Ada perasaan yang sulit dijelaskan ketika pertama kali pada tahun 2014, saya menapakkan kaki di kampus Pusdiklat Mahkamah Agung RI Megamendung. Tempat ini menyimpan banyak kenangan, banyak cerita, dan banyak perjalanan pengabdian. Namun yang saya lihat sekarang sungguh berbeda. Hal yang saya dan mungkin teman-teman peserta rasakan adalah sarana dan prasana fasilitas yang semakin lengkap, sarana pembelajaran yang modern, hingga lingkungan yang tertata dengan baik menunjukkan bahwa organisasi terus bertumbuh dan bertransformasi. Semua itu menjadi bukti nyata bahwa investasi terbesar dalam birokrasi bukan hanya pada sistem dan teknologi, tetapi pada pembangunan kualitas manusianya yang terus berkembang dan memiliki komitmen kuat dalam mencetak pemimpin-pemimpin masa depan yang kompeten, cerdas dan berintegritas.
Suasana asrama di pagi hari menjadi salah satu pengalaman yang paling membekas.

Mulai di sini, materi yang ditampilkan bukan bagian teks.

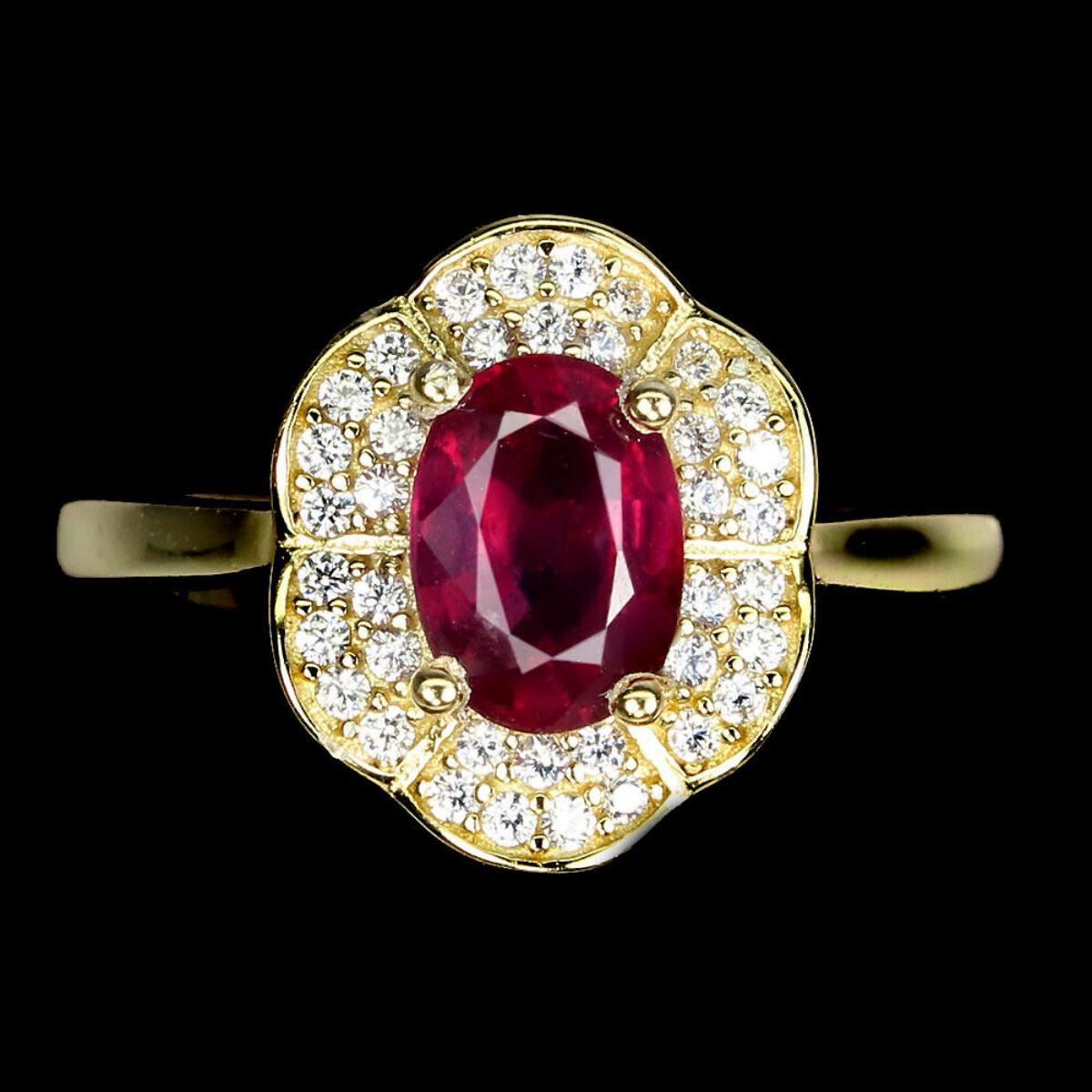 925 STERLING SILVER;PLATE-14K YELLOW GOLD;RING SIZE/resizable-7;MAIN STONE-RUBY;TOTAL WEIGHT-3.28 GRAM (TOTAL WEIGHT OF SILVER + STONE)DIMENSION-* STONE 7.0 X 5.0 MM.;* FACE RING- 12.0 X 10.0 MM.;MAIN STONE SHAPE-OVAL CUT;MAIN STONE COLOR- BLOOD RED;TREATMENT-Yes;ORIGIN-MADAGASCAR;HARDNESS-9.0;

Udara dingin khas megamendung yang menusuk kulit, kabut tipis yang perlahan turun di sela-sela bangunan, suara burung yang terdengar samar, dan hembusan angin pegunungan menciptakan suasana yang begitu tenang. Jauh dari hiruk-pikuk rutinitas kantor, jauh dari tekanan target kinerja, dan jauh dari tumpukan laporan yang biasanya menjadi teman sehari-hari. Di tempat ini, pagi terasa lebih lambat, lebih hening, dan lebih memberi ruang untuk merenung.
Saya banyak berpikir tentang perjalanan pengabdian selama ini. Tentang bagaimana waktu berjalan begitu cepat, tentang berbagai tantangan yang sudah dilalui, dan tentang tanggung jawab yang semakin besar. Dalam kurun itu, banyak perubahan terjadi baik dalam organisasi, sistem kerja, maupun dalam diri saya sendiri. Kembali ke ruang diklat seperti ini seolah menjadi titik jeda untuk mengevaluasi diri. Apakah saya masih memimpin dengan hati? Apakah saya masih menjaga integritas? Apakah saya masih terus belajar?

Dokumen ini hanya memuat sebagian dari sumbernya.